From a 2000 interview:

 

It sort of happened very accidentally. And, believe me…this 'executive producer' thing is something that I have really avoided like the plague. Cause I see a lot of people doing it, it's becoming a bit of a trend, and stuff, and, you know, I like to be a little bit different…And I've never felt the need to do it, either. I've always been really happy reading scripts and finding the ones that I love and going off and doing it.


But with Therese, I read the novel when I was 17 and it just… my whole world exploded when I read this book. And I read it again immediately. Literally finished reading it, went straight back to page one and started reading it all over. I gave it to my sisters, I gave it to my mother, all my closest friends - 'you've got to read this book, you've got to read this book.' Put it away, stumbled across the screenplay, literally stumbled across the screenplay. Could not believe that someone had done this adaptation. I was so excited, immediately on the phone to all the casting people and director - 'I've got to meet with you.' Sat with a director, who is a great guy called David Leveaux, who is a theater director from England. This is his first feature. And, you know, we talked. And I said, 'well, you know, I really want to do this.' And that decision was made.

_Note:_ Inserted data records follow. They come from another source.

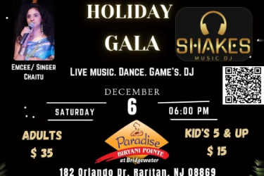 Holiday Gala in Newjersey DEC 06, 6:00PM (EDT) Paradise Biryani Pointe, 182 Orlando Dr, Raritan, NJ Pakka Mass Entertainment $15 - $35 Buy Tickets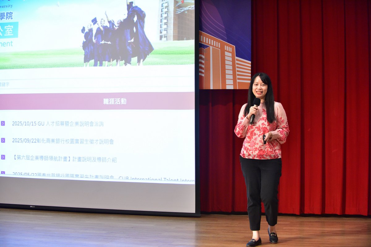 洪老師介紹了職涯辦公室的服務,包含企業徵才說明會與職涯相關課程,幫助同學探索未來發展方向。她也提醒大家多參加各式演講,持續累積新知。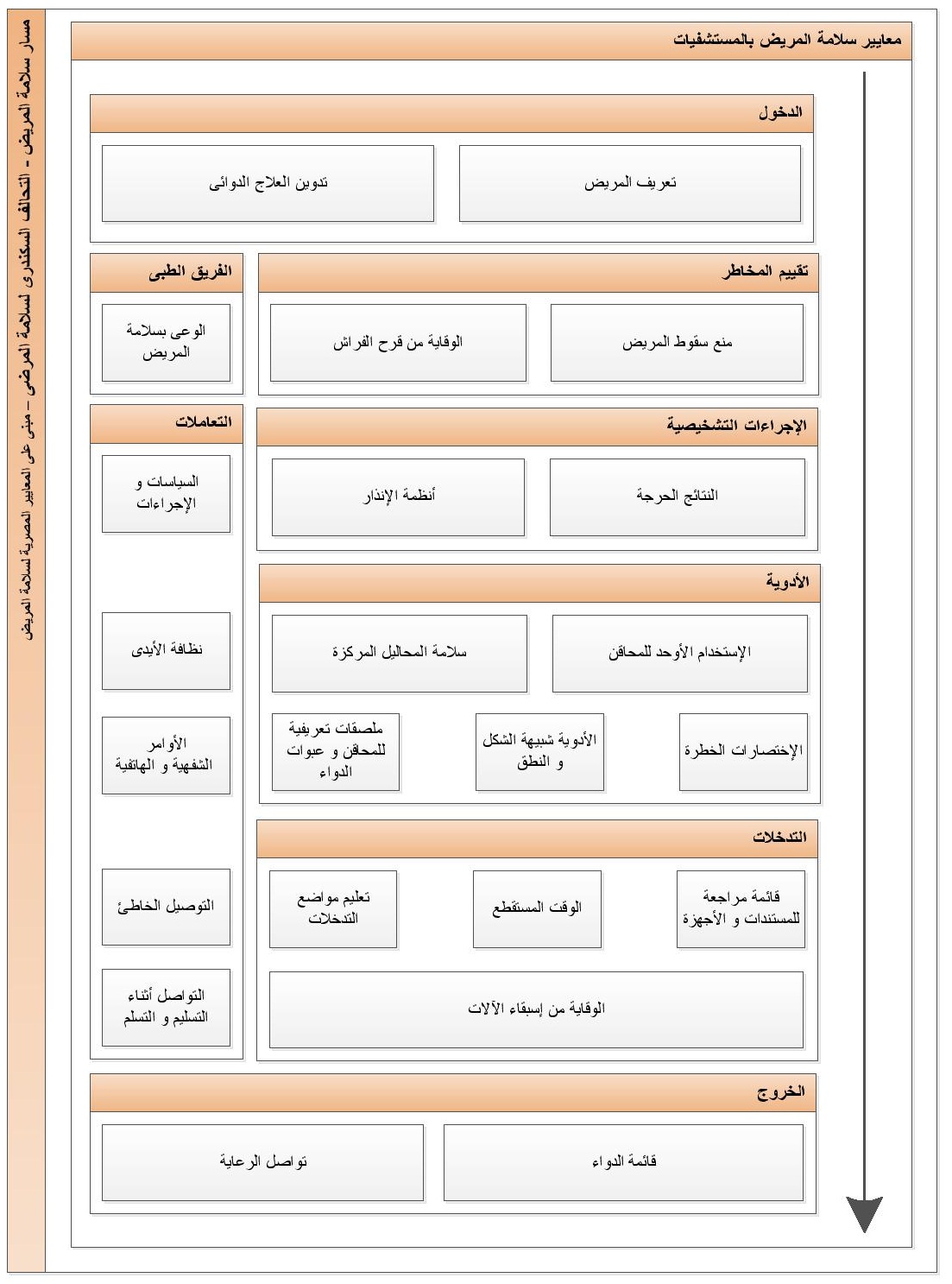 من خلال معرفة الممارسات الآمنة، وأين ومتى يجب أن تمارس، وكيف يتم تطبيقها يمكن لأى نظام رعاية رعاية صحية ضمان سلامة مرضاه.في هذا القسم نقدم المعايير المصرية لسلامة المرضى، كما هي مدونة، الخلفية السببية لها، وأهم أماكن تطبيقها، وكيفية تقييم تنفيذها.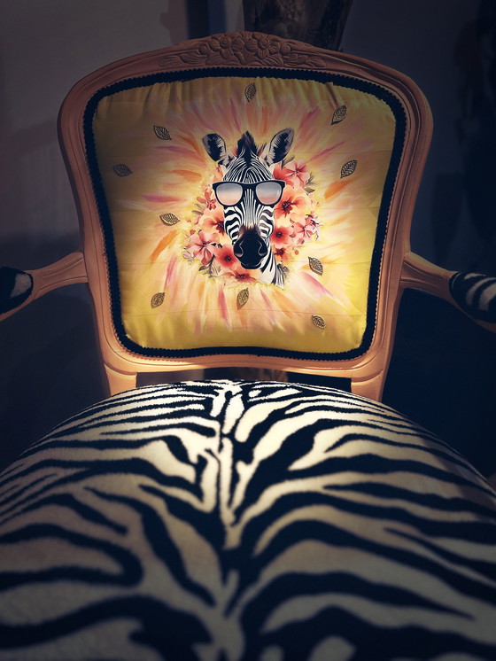 Porta il divertimento nel tuo salotto! 😎 Questa poltrona unica attirerà sicuramente l'attenzione e regalerà sorrisi: struttura in legno colorata, seduta morbida, elegante stampa zebrata e piccoli dettagli artistici che fanno la differenza.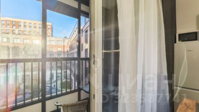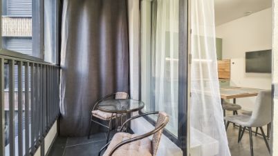 Выход на застеклённый панорамный балкон - из кухни-гостиной, там есть столик и стулья.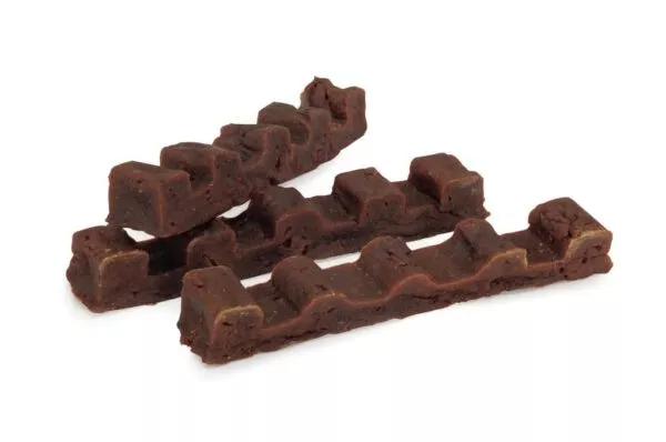 חטיף לכלבים טעים במיוחד, בצורת אצבעות שוקולד בטעם סלמון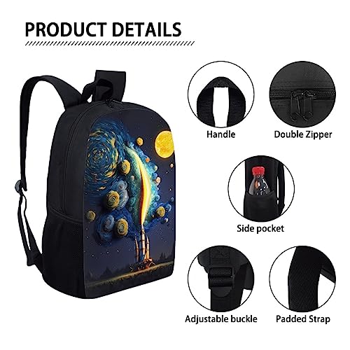 Kids School Backpack Art Oil Painting Book Bags School Bag Bookbag for Teen Youth College Students,Moon Blue Rose Rocket 3

And then I just thought, 'now, look - because I care so much about this story, and because I've always loved it, you know, now could be the time to really be creatively involved with it, and just try and make it the greatest film that we can.' So, it's nice to know that I was involved… we then immediately got all the funding, which was just so great. And that was the first time I ever used a little bit of that 'Titanic' power, you know. We just went 'funding' [snaps fingers] and it came. And it was like… it was fantastic. And I really feel sort of glad that I've been able to do that for everyone who's been involved with 'Therese', in the writing of the script and the other producers and so on. Because they were struggling, for a long time, to try and get the funding. But it's just nice to know that I'm, you know, I'm going to be involved with the casting of the other actors, where we're gonna shoot it, and so on. And, also, over the last sort of five or six years I've met some fantastic crew members, you know, brilliant, brilliant people who are artists in their own right. And I'm just excited that, you know, I can get all of those people in - all the ones that I think are great, who are really nice. Cause I really believe that when you work on a film, if the 'on set' environment is a happy one, then I think it makes for a better story, cause everyone's happy to be there, you know, they're happy to work. So, that's the reason why, and sort of no other reason than that."